The ONE GUYANA hull recently entered dry dock at the Keppel Shipyard, Singapore.

“It is not easy to have an FPSO being built in Asia, and to do steelwork for it here,” said GOGSSI Director, Nicholas Deygoo-Boyer. He explained that the steel has to be shipped from Asia for steelwork in Guyana, then returned to Asia to be fixed on the vessel. 

“That’s a commitment to local content,” Deygoo-Boyer said. He commended ExxonMobil and its sub-contractors for starting the ball rolling, even before the Local Content Act, by having their own internal local content policies to drive participation. The Stabroek Block consortium has also contributed considerably to the development of local content, with investments in the Centre for Local Business Development. 

President of ExxonMobil Guyana, Alistair Routledge noted the steel strike is a significant development in local content implementation, which is crucial in bringing the benefits of the industry to the people of Guyana. “It takes strategy and a whole lot of collaboration to accomplish this,” he stated.

Martin Pertab, Director of the Local Content Secretariat, stressed the importance of collaboration with the private sector to find the right balance, and committed to expanding on the progress that has been made.

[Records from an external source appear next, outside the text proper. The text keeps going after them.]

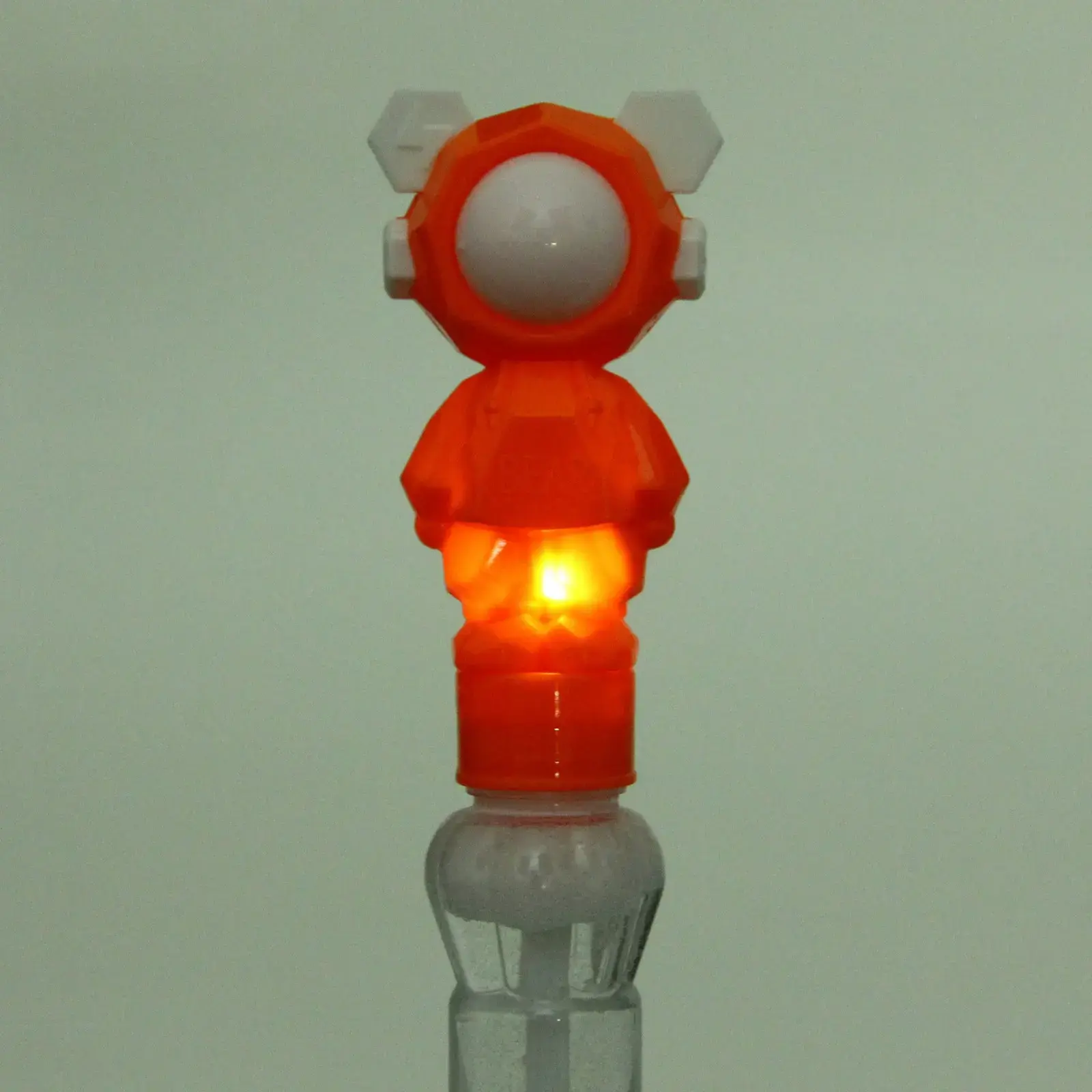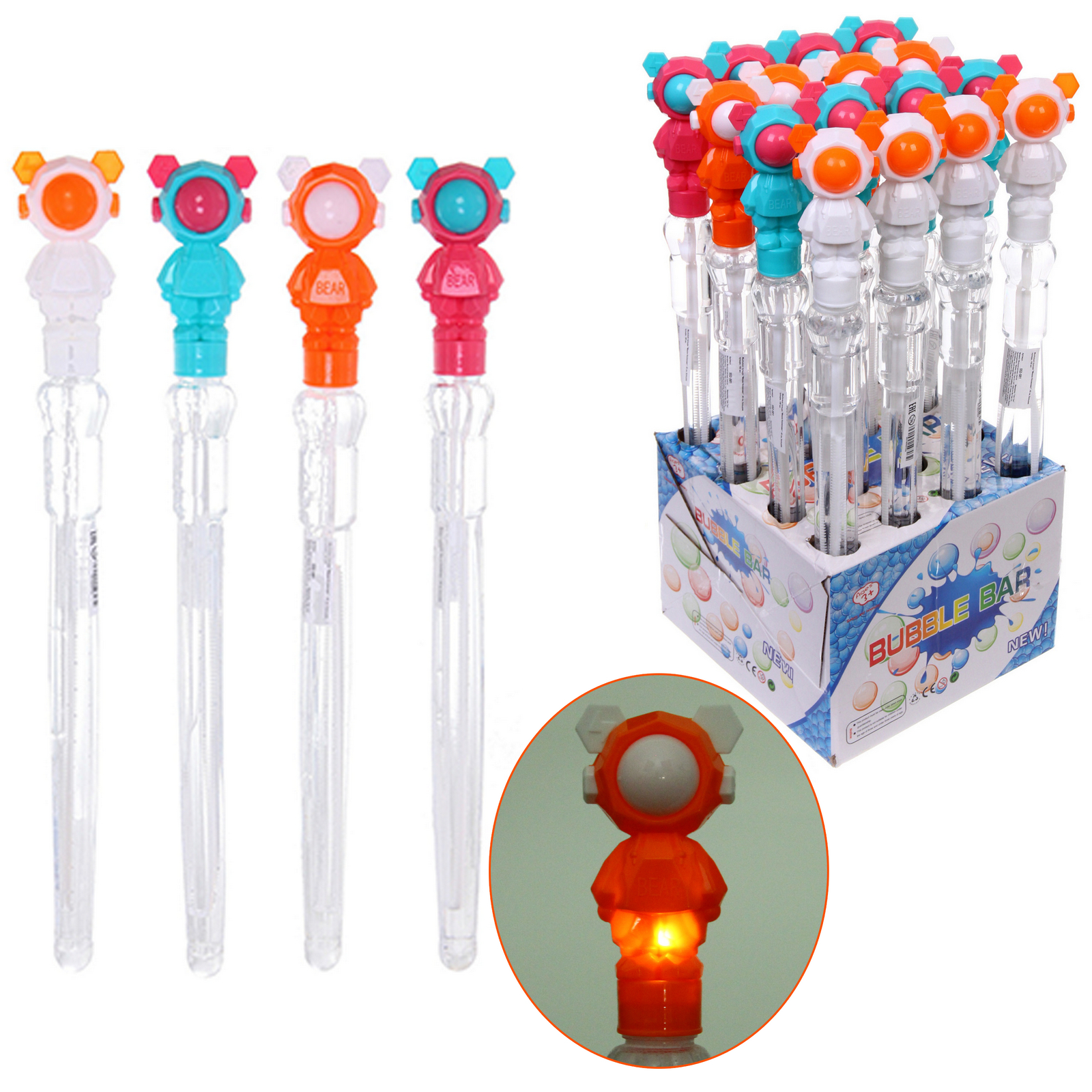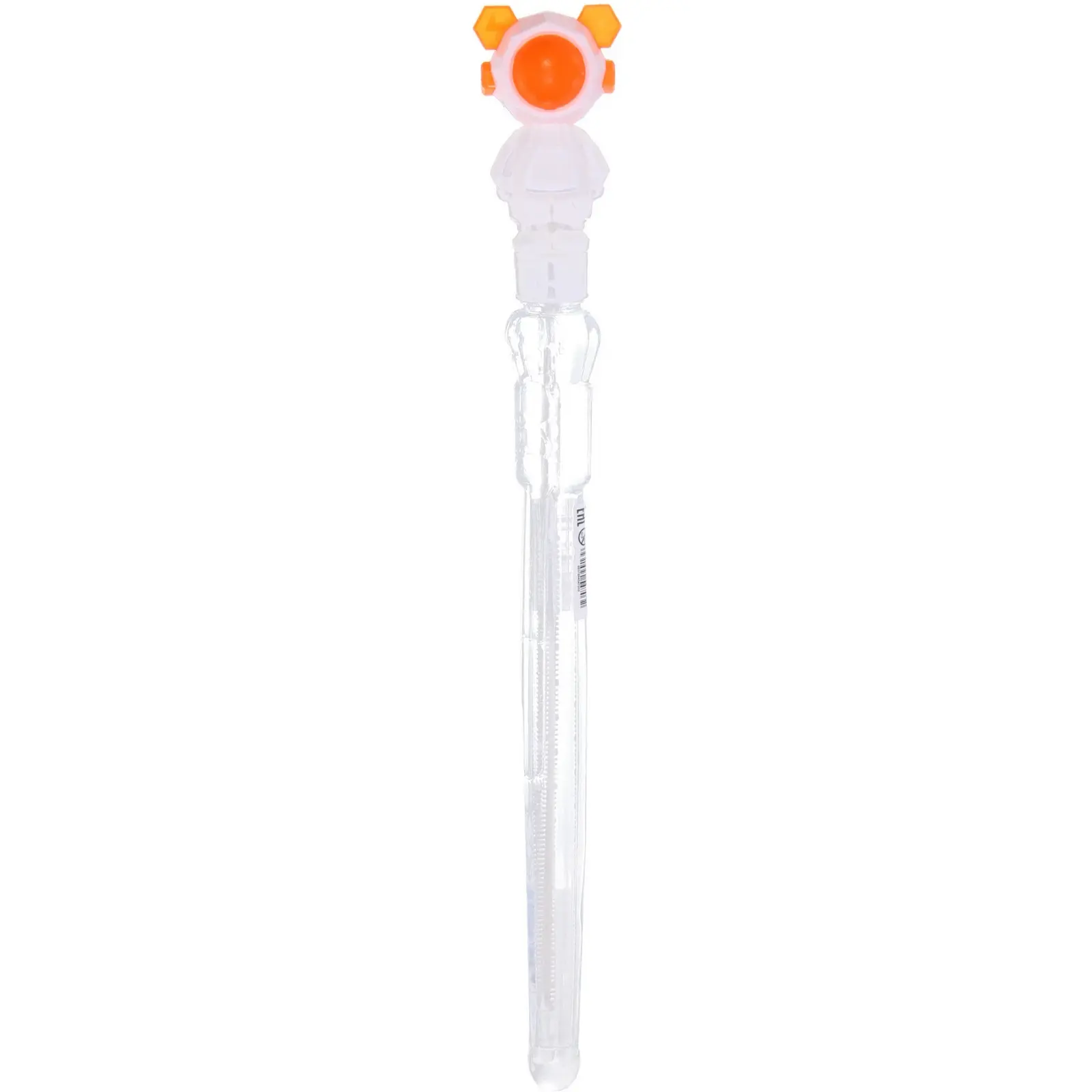 Мыльные пузыри поставляются в прозрачной колбе объемом 150 мл с красочным дизайном упаковки. Длина палочки составляет 45 см, что обеспечивает безопасное расстояние для игры. Верхняя часть выполнена в виде милого медвежонка-космонавта, который может светиться в темноте (при наличии батарейки).
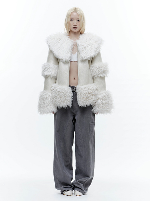 [웻태그] WIDE COLLAR LEATHER SHEARLING JACKET WHITE
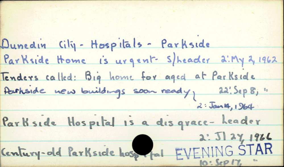 Dunedin Public Libraries (4th Mar 2017). Dunedin City - Hospitals - Parkside. In Website Dunedin Public Libraries. Retrieved 2nd Apr 2026 21:44, from https://dunedin.recollect.co.nz/nodes/view/103782
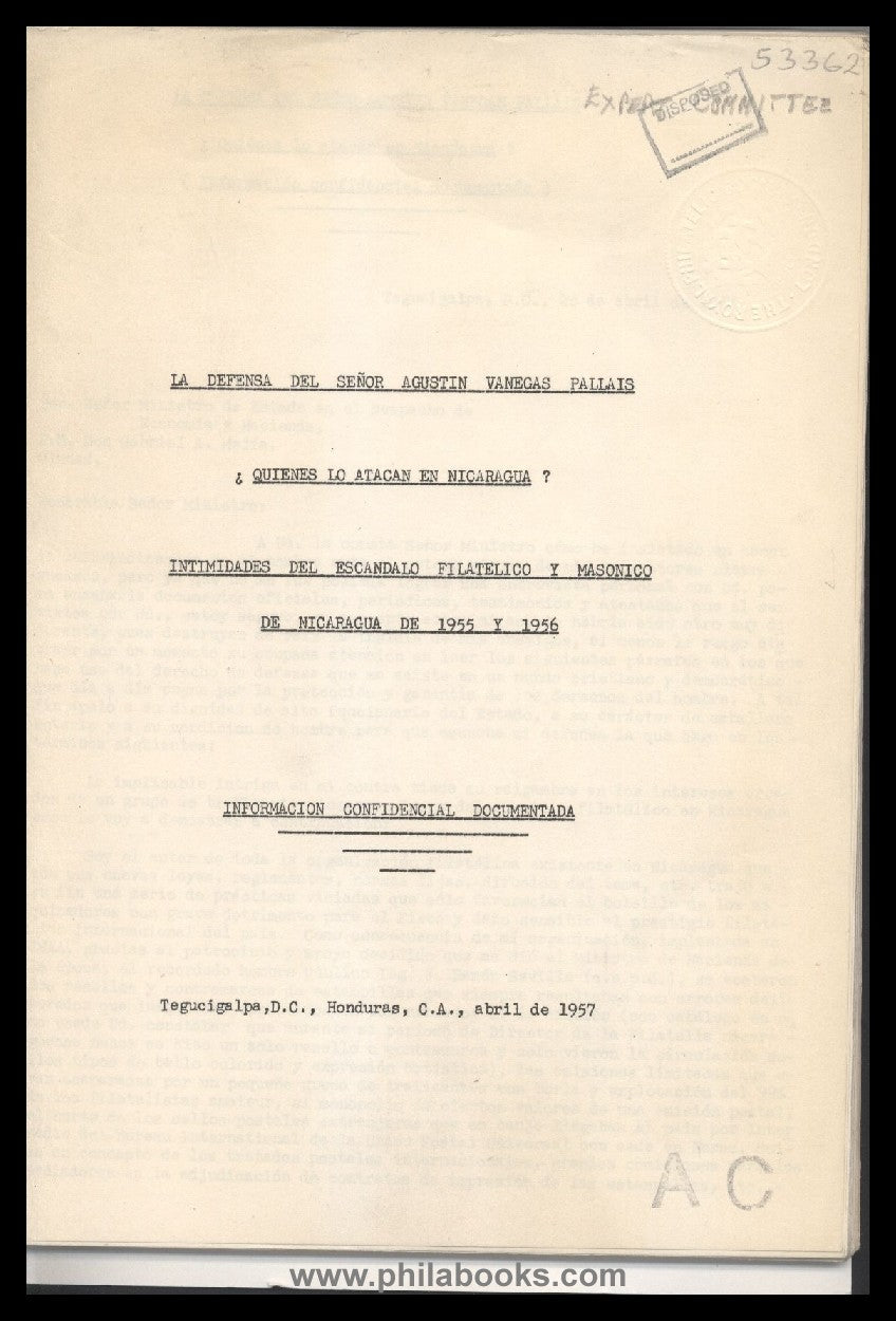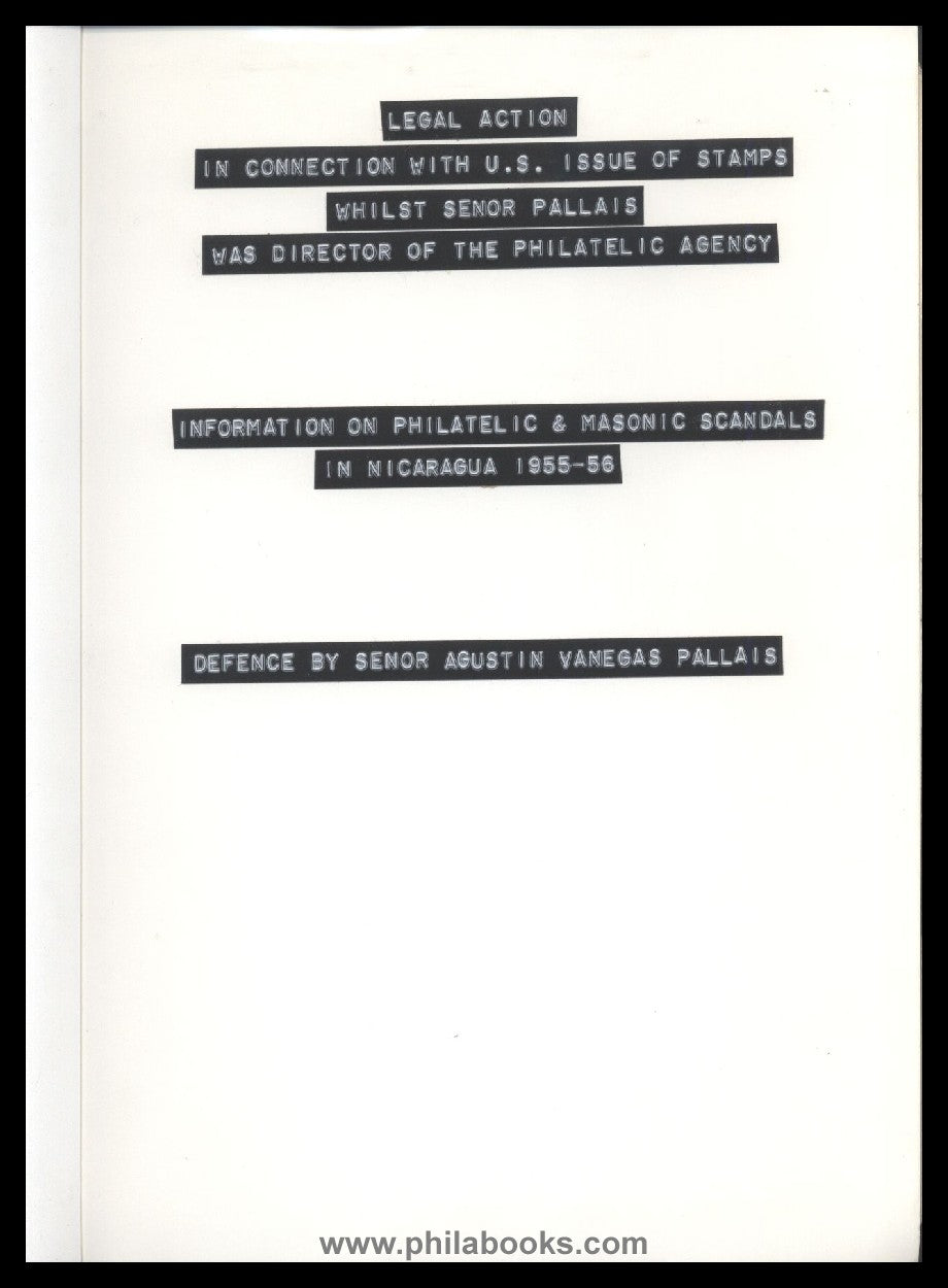 Legal Action in Connection with U.S. Issue of Stamps whilst Senor Pallais was Director of the Philatelic Agency, Information on Philatelic & Masonic Scandals in Nicaragua 1955-56, Defence by Senor AgustinVanegas Pallais, Honduras, 1957, 32 S., Text span. #53362

The ONE GUYANA vessel is being designed to produce 250,000 barrels of oil per day, with an associated gas treatment capacity of 450 million cubic feet per day and water injection capacity of 300,000 barrels per day. The floater will be moored in water depth of about 1,800 metrrs and will be able to store around two million barrels of crude oil.

The project’s turnkey phase is being executed in conjunction with United States engineering and construction company, McDermott, under a special purpose company. In it, SBM Offshore holds 70% and McDermott 30% equity ownership. But the FPSO will be fully owned by SBM Offshore.